TitanDB is a native graph database implemented in Java. In order to establish connection with the hard disk, Titan needs to be linked to a data storage system — Cassandra, HBase or BerkeleyDB — that is suitable for the application. The creation of nodes, edges and the submission of queries can be done through a Java API or through a Gremlin server.

Comparing Queries

For this experiment, the same query (what pages John likes) was written in Cypher (Neo4J), extended SQL (OrientDB) and Gremlin (TitanDB)

Cypher query example (Neo4J)
SQL Extended query example (OrientDB)
Gremlin query example (TitanDB)

Comparing Performance

One of the basic tasks when manipulating a database is to retrieve an object given its id. The following experiment records the average time to retrieve a node by its id, given an 500000 nodes graph and 4 clients executing this action 200 times.
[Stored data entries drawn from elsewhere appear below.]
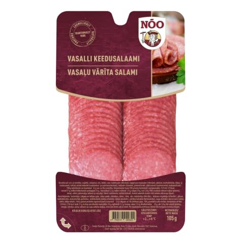 veise - ja sealiha, joogivesi, NISUjahu, keedusool max 2,5%, lõhna- ja maitseained, stabilisaator (di - ja trifosfaat), lõhna- ja maitsetugevdaja (Na - glutamaat), antioksüdant (Na - isoaskorbaat), säilitusaine (Na -nitrit)
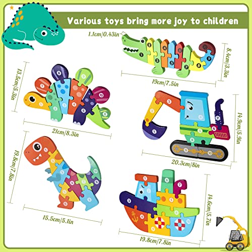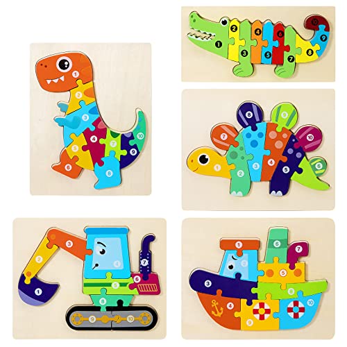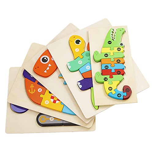 - 【مجموعة أحجية للأطفال الصغار من 5 قطع】5 أحجيات حيوانات خشبية بشكل فردي للأطفال الصغار، ألعاب مونتيسوري بما في ذلك التمساح والديناصور والحفارات والسفن وتنمية قدرات الطفل المعرفية والذاكرة.
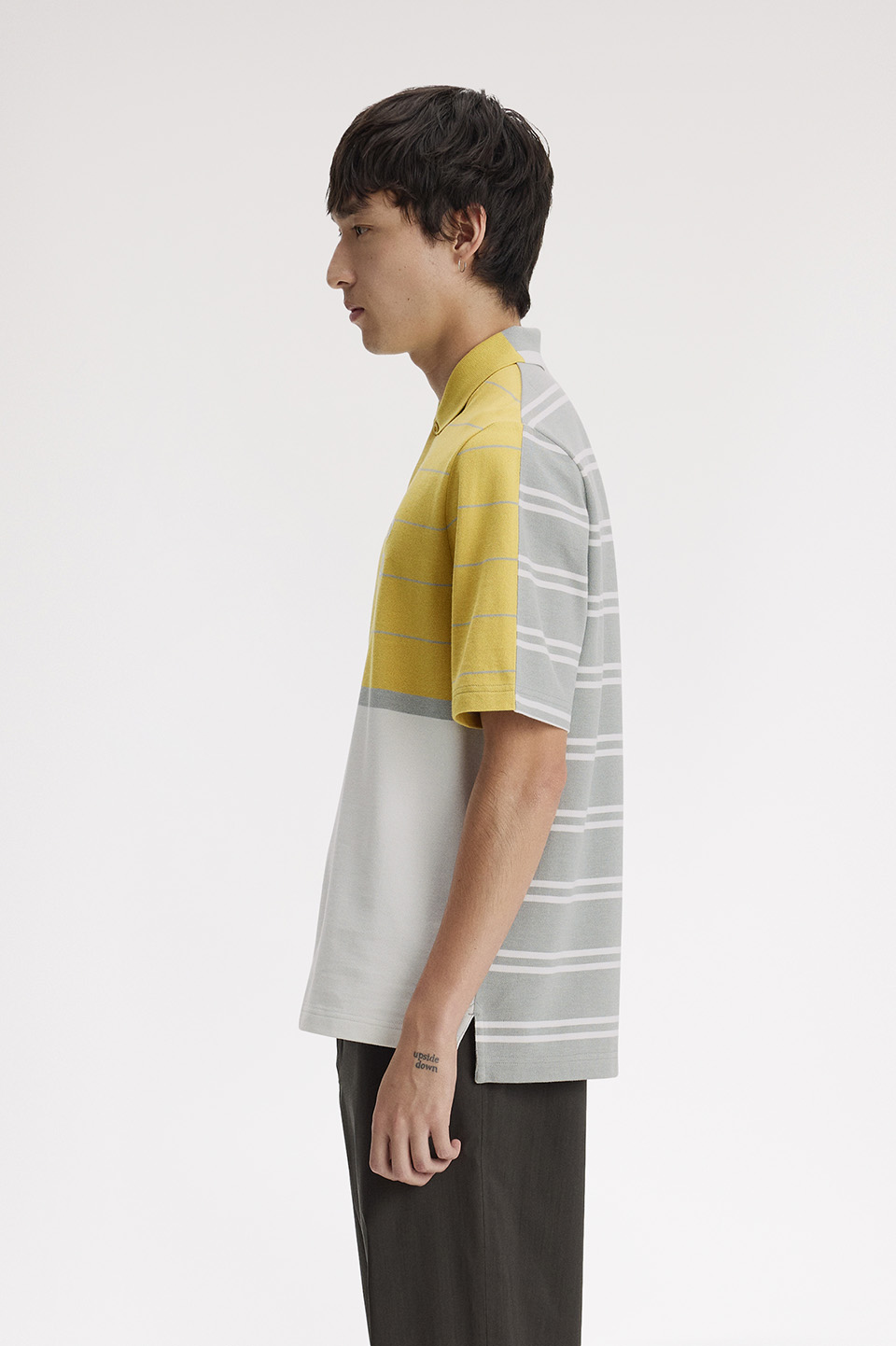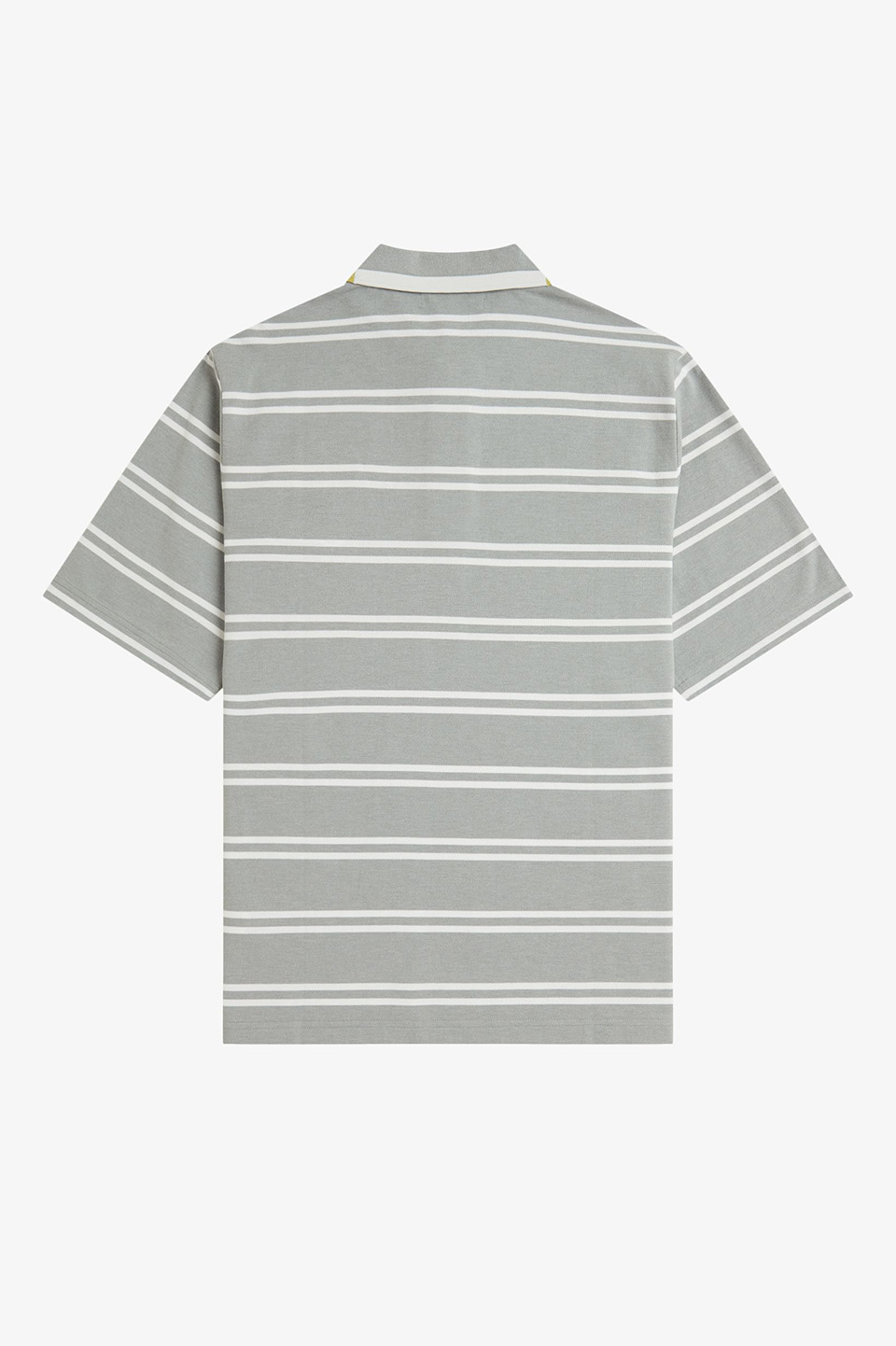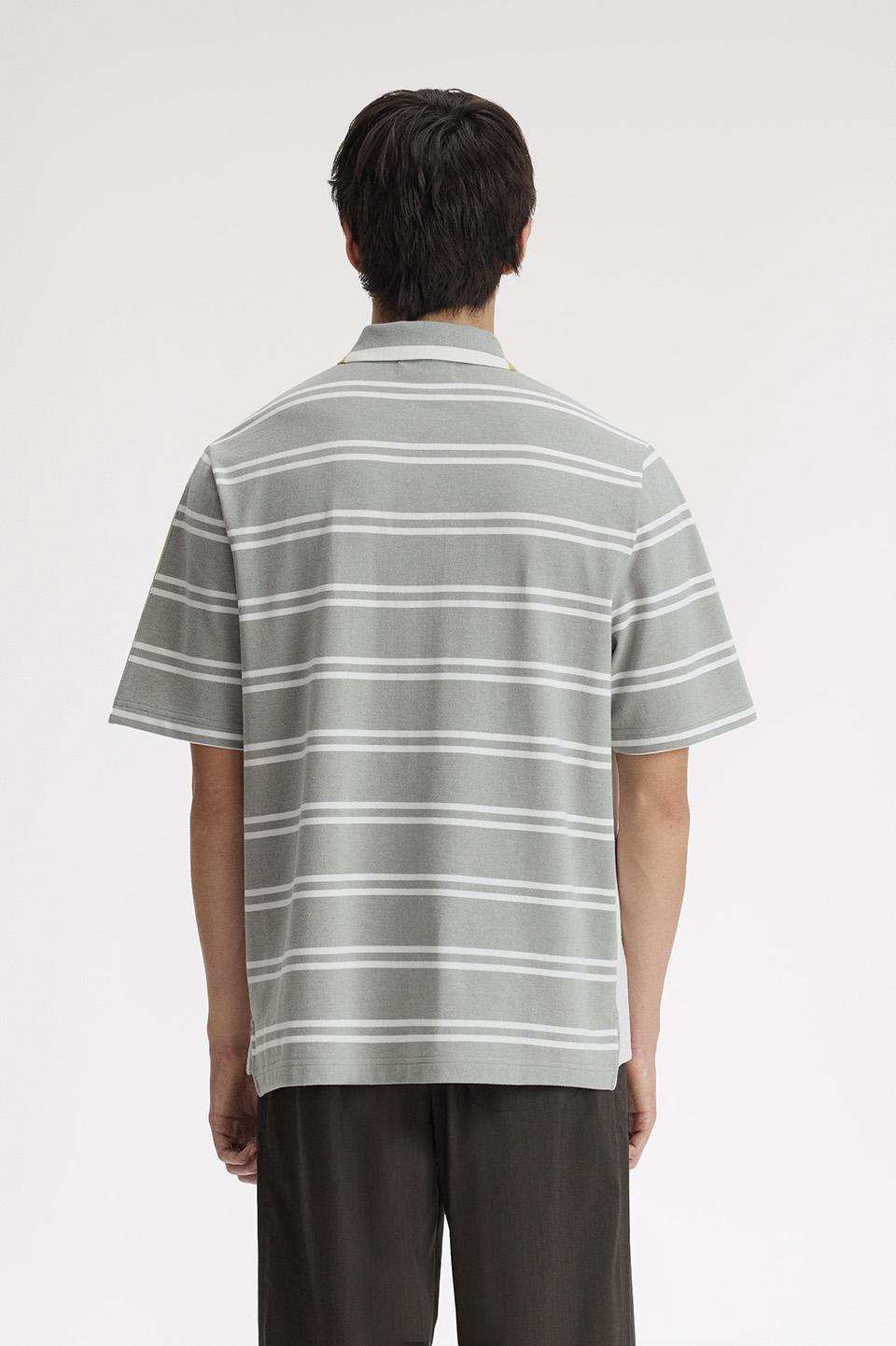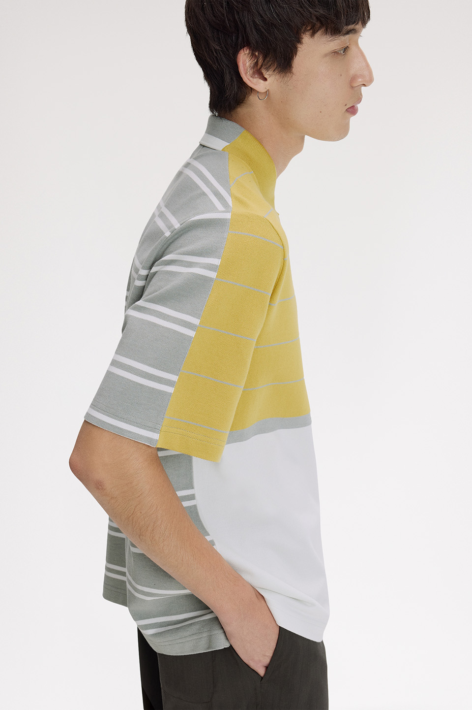コットンピケ素材のハーフ&ハーフポロシャツ。前身頃と後身頃に異なった先染めストライプを組み合わせたデザインや、スリットと前後差のある裾が特徴です。リブのない袖口やゆとりのあるシルエットが快適な着心地を実現。こだわりのディテールが随所に施されています。

This process was executed using Neo4J, OrientDB and TitanDB using Cassandra as backend.

Chart with mean time that each DB took to retrieve a node by its id

According to the chart above, Neo4J and OrientDB have similar performance, being OrientDB slightly faster to retrieve a node given its id. On the other hand, TitanDB using Cassandra as backend has a bad performance compared with the other DBs. However, TitanDB can be connected with other backend services, which can improve its performance for this task.

Another common concern among developers is the amount of memory taken by the database. In this experiment, a graph containing 32,000 nodes and 256,000 edges was stored in Neo4J, OrientDB and TitanDB and the amount of memory required by each database was measured.

Chart with the amount of memory required for each DB

From the chart above, we can notice that OrientDB is the one that consumes the most, reaching up to 10.156 MB of memory. On the other hand, TitanDB requires less memory, only needing 388 MB to store the graph.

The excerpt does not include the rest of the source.